─── Information shown ───
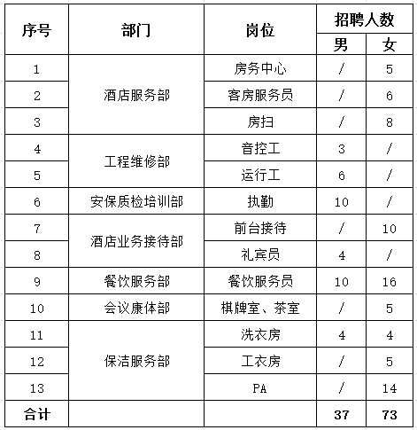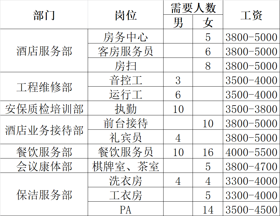 根据工作需要,304永利官网网址人力资源集团公开招聘110名工作人员,并外派至汾酒国际大酒店工作,现将有关事项公告如下:
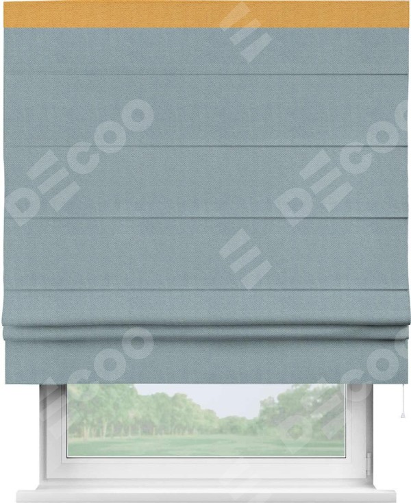 Римская штора производителя «Cortin», используется для проёма, пошита из ткани блэкаут с блеском синий, артикул 34625. Отделка шторы кантом «Кинг», ткань для канта используется из блэкаута с блеском разной расцветки на выбор. Изнаночная сторона материала черного цвета, что обеспечивает необходимую светонепроницаемость. Имеет универсальный механизм и подходит для монтажа: на потолок, на стену и в нишу.
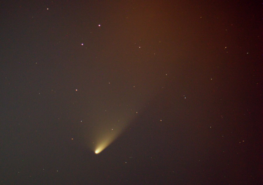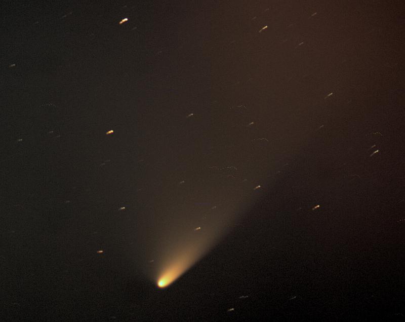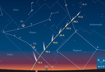 Pojasnilo: Še vedno nedotaknjen se je 21. novembra komet ISON (C/2012 S1) prikazal na levi strani polja te animirane slike kamere HI-1 na satelitu STEREO-A. Kamera je poleg ISON-a ujela tudi periodični komet Encke, Merkur in Zemljo. Sonce, ki se nahaja na desni strani in je vir valujočega sončevega vetra, je izrezano iz slike. S perspektive satelita STEREO v interplanetarnem prostoru je planet Zemlja pravzaprav najbolj oddaljen objekt v tej skupini. Merkur je najbližji. Oba planeta sta tako svetla, da ustvarjata ostre vertikalne črte na detektorju kamere. Pri obeh kometih jasno opazimo izrazita repa. ISON se nahaja bližje kameri in bo nadaljeval s hitrejšo potjo preko polja. Kameri na satelitih STEREO in SOHO bosta lahko sledili kometu ISON pri njegovem bližnjem srečanju s Soncem 28. novembra tudi v primeru, da bo opazovanje ISON-a z Zemlje v svetli zarji bolj zahtevno.
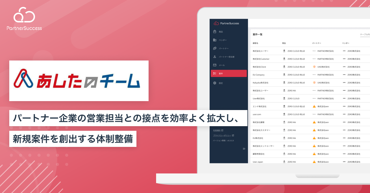 【パートナーサクセス導入事例】株式会社あしたのチーム、代理店連携管理クラウド「PartnerSuccess」導入
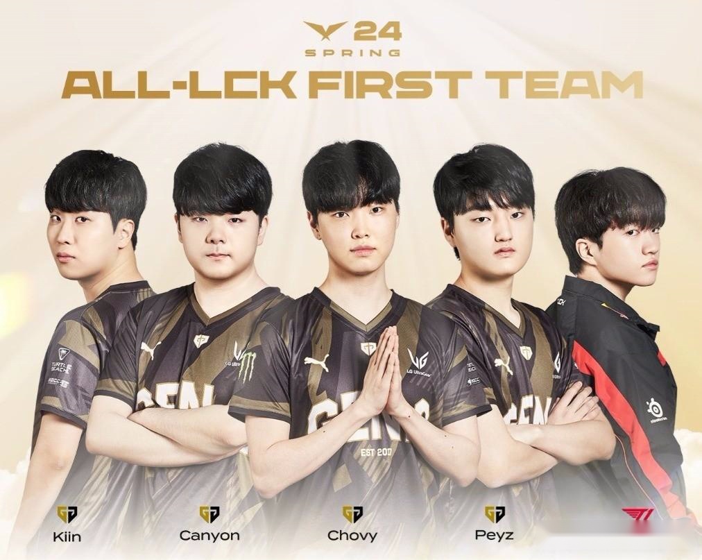 常规赛一阵如下,上单给到kiin,打野是canyon,中单是chovy,AD是peyz,辅助是keria。四个GEN队员,加上T1的辅助。
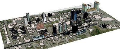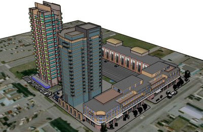 These two 3D renderings of a multi-phase high-rise residential and commercial development, and a redevelopment concept for a city's downtown core were provided to a developer for their significant project in a community undergoing a revitalization project.
───
== Instructions for the task ==
Skip the pictures and quote each line of the entries above, from the first through the line with "常规赛一阵如下,上单给到ki", exactly as it appears.

== Exercise output ==
 根据工作需要,304永利官网网址人力资源集团公开招聘110名工作人员,并外派至汾酒国际大酒店工作,现将有关事项公告如下:
 Римская штора производителя «Cortin», используется для проёма, пошита из ткани блэкаут с блеском синий, артикул 34625. Отделка шторы кантом «Кинг», ткань для канта используется из блэкаута с блеском разной расцветки на выбор. Изнаночная сторона материала черного цвета, что обеспечивает необходимую светонепроницаемость. Имеет универсальный механизм и подходит для монтажа: на потолок, на стену и в нишу.
 Pojasnilo: Še vedno nedotaknjen se je 21. novembra komet ISON (C/2012 S1) prikazal na levi strani polja te animirane slike kamere HI-1 na satelitu STEREO-A. Kamera je poleg ISON-a ujela tudi periodični komet Encke, Merkur in Zemljo. Sonce, ki se nahaja na desni strani in je vir valujočega sončevega vetra, je izrezano iz slike. S perspektive satelita STEREO v interplanetarnem prostoru je planet Zemlja pravzaprav najbolj oddaljen objekt v tej skupini. Merkur je najbližji. Oba planeta sta tako svetla, da ustvarjata ostre vertikalne črte na detektorju kamere. Pri obeh kometih jasno opazimo izrazita repa. ISON se nahaja bližje kameri in bo nadaljeval s hitrejšo potjo preko polja. Kameri na satelitih STEREO in SOHO bosta lahko sledili kometu ISON pri njegovem bližnjem srečanju s Soncem 28. novembra tudi v primeru, da bo opazovanje ISON-a z Zemlje v svetli zarji bolj zahtevno.
 【パートナーサクセス導入事例】株式会社あしたのチーム、代理店連携管理クラウド「PartnerSuccess」導入
 常规赛一阵如下,上单给到kiin,打野是canyon,中单是chovy,AD是peyz,辅助是keria。四个GEN队员,加上T1的辅助。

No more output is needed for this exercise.